2. Dependency Isolation
Different projects need different - sometimes incompatible - versions of the same library. Virtual environments give each project its own isolated copy of Python and its packages, preventing version conflicts entirely.
3. Distribution
You write a useful utility. How does your team install it? How do you publish it to PyPI so the world can use it? Packaging tools provide the standard mechanisms: pyproject.toml describes your package, build creates the distribution artifacts, twine uploads them.
The lockfile is the contract. Every environment resolves to exactly the same packages. Bugs are reproducible. Deployments are predictable.
Module Structure
This module covers six lessons that build on each other in a logical sequence - from the lowest-level concept (what is a virtual environment?) to the highest-level workflow (how do I publish a package to PyPI?).
| Lesson | Topic | What You Learn |
|---|---|---|
| 01 | venv and virtualenv | How isolation works at the filesystem level; PATH manipulation; pyenv for Python version management |
| 02 | pip and requirements | Dependency resolution; version specifiers; pip-tools for lockfiles; supply-chain security |
| 03 | pyproject.toml | The single configuration file replacing setup.py, setup.cfg, MANIFEST.in, and tox.ini |
| 04 | Poetry | All-in-one dependency management, virtual environments, and publishing with a clean CLI |
| 05 | Semantic Versioning | MAJOR.MINOR.PATCH in practice; pre-release versions; how specifiers like ~= and ^ use semver |
| 06 | Publishing Packages | Building sdist and wheel artifacts; TestPyPI and PyPI; CI/CD automated publishing |
Module Project
Publish an Internal Utility Package
You will build a small but complete Python library - a collection of data validation utilities - package it with pyproject.toml, manage dependencies with Poetry, version it correctly using semver, and publish it to TestPyPI. A GitHub Actions workflow will automate the publish step on every tagged release.

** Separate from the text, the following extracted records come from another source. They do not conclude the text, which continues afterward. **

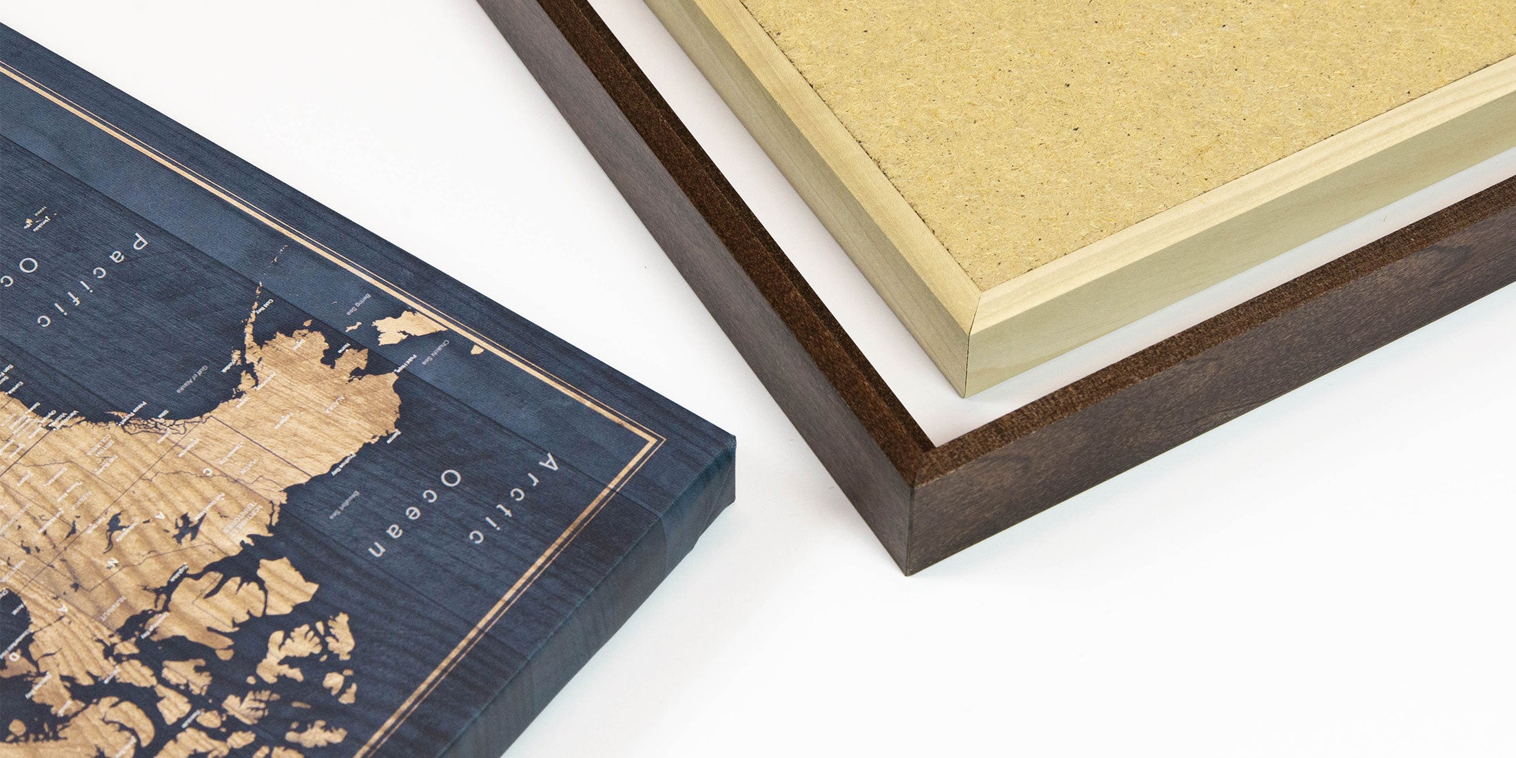 Our push pin travel maps are printed on premium stretched canvas and wrapped around an internal wood frame. There is a durable ½” layer of eco-friendly wood fiber pin board in between this internal piece and the canvas map print, so that when you place pins, they stay snugly in place.
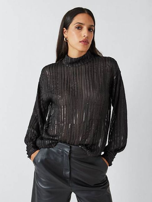 AND/OR Jojo Opaque Sequin Blouse, Black, 10.
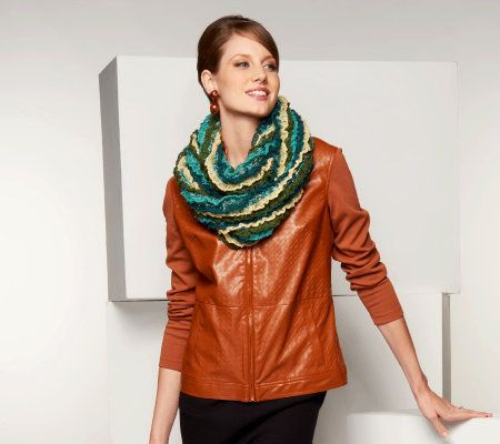 Embellish your ensemble with this eye-catching eternity scarf! Tonal stripes create a chic color story, while loosely knit yarn adds loft and volume to the circular scarf. From Collection XIIX.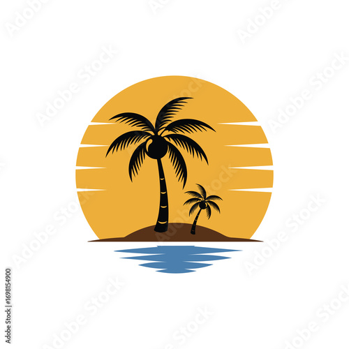 Tropical Sunset Beach Vector | Palm Tree Surf Graphic Design Bundle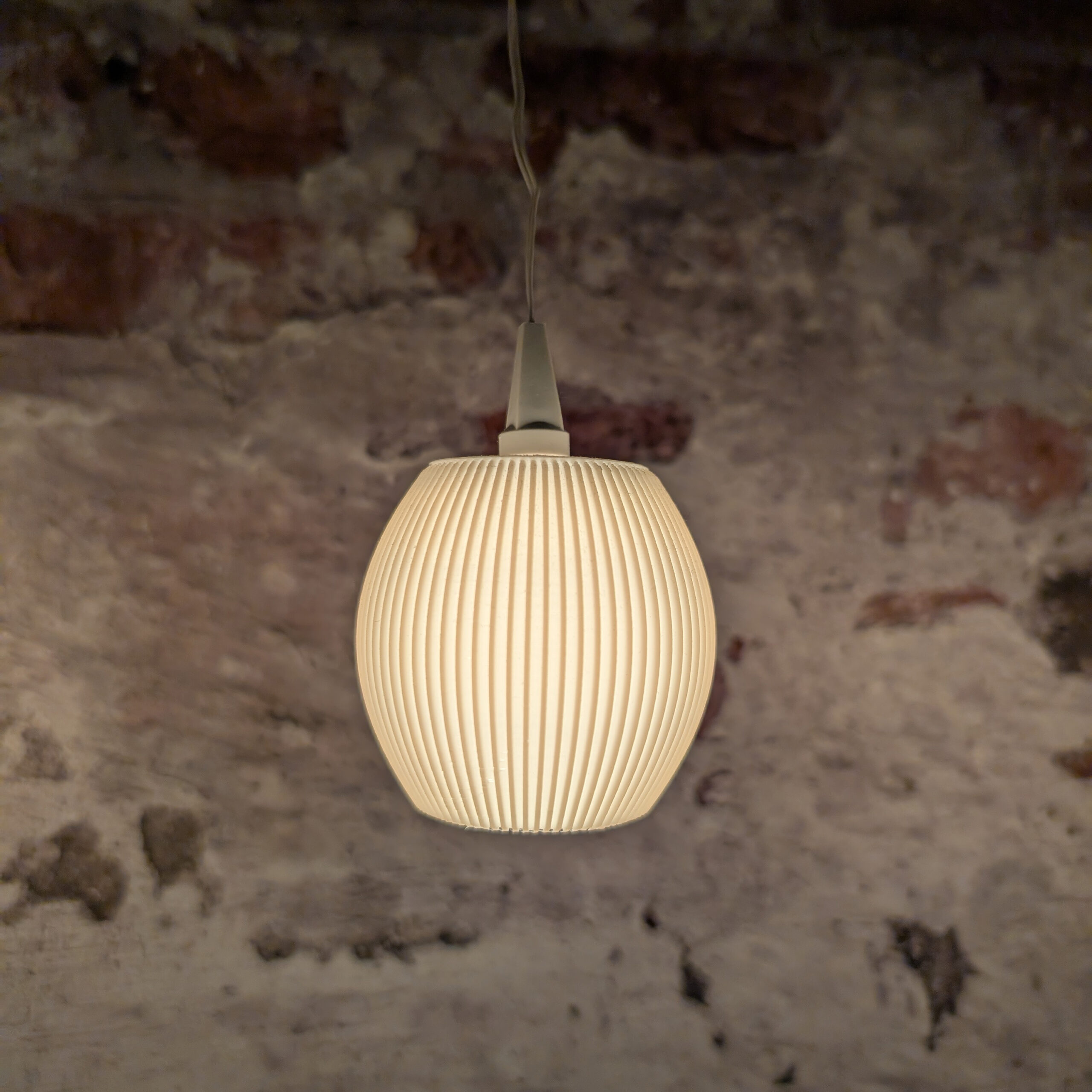 Die vertikalen zarten Streifen erzeugen ein spannendes Lichtspiel und bringen minimalistisches Design in dein Zuhause. Gefertigt wird der Schirm aus robustem ASA-Kunststoff, der langlebig, hitzebeständig und lichtdurchlässig ist.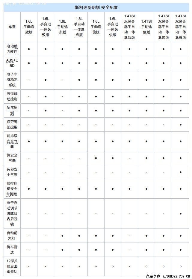 【配置方面】根据不同车型,全新明锐配备有双温区自动空调、可加热外后视镜、后排中央扶手和空调出风口以及支持多种影音娱乐接口。同时,全新明锐标配了ABS+EBD以及前排双安全气囊,而除了入门级车型之外,该车还配备车身电子稳定控制系统、坡道辅助、胎压监测以及倒车雷达等功能。高配车型则配备有侧安全气囊、头部气帘等配置。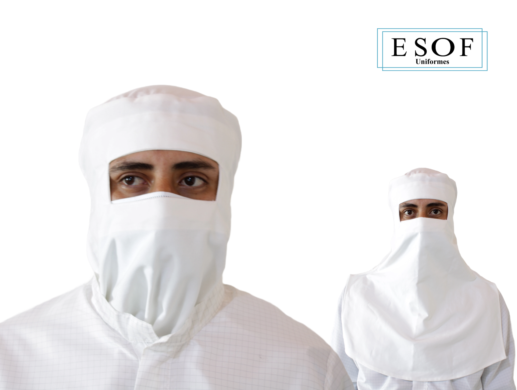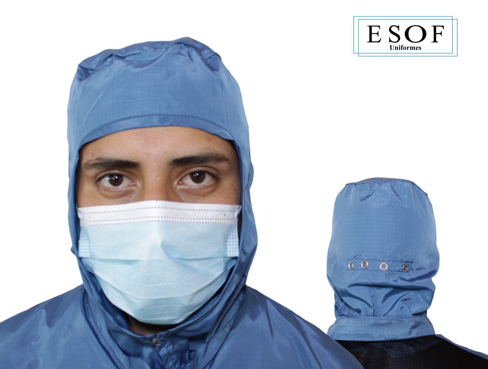 Escafandra con broches de ajuste elaborada en tela antiestática.

By the end, you will have gone through the complete lifecycle that every open-source Python package follows: write code → package it → test the package → publish it → install it from the registry.
Prerequisites
| Prerequisite | Why It Matters |
|---|---|
| Module 01 - OOP | Package structure maps to class and module design; __init__.py files control what is public |
| Module 02 - Functional Programming | Decorators and higher-order functions appear in build tooling and CLI entry points |
| Module 04 - Testing and Quality | Packages must be tested; pyproject.toml configures pytest, coverage, and linting |
How to Use This Module
Each lesson is self-contained but assumes the previous lessons have been read in order. The first two lessons (venv, pip) are foundational - skip them only if you can answer "what does source venv/bin/activate actually modify?" without hesitation.
Lessons 03 and 04 (pyproject.toml and Poetry) overlap intentionally. pyproject.toml is the standard; Poetry is an opinionated tool built on top of it. Learn the standard first.
Lesson 05 (Semantic Versioning) is short but critical - misunderstanding version specifiers is one of the most common sources of subtle dependency bugs.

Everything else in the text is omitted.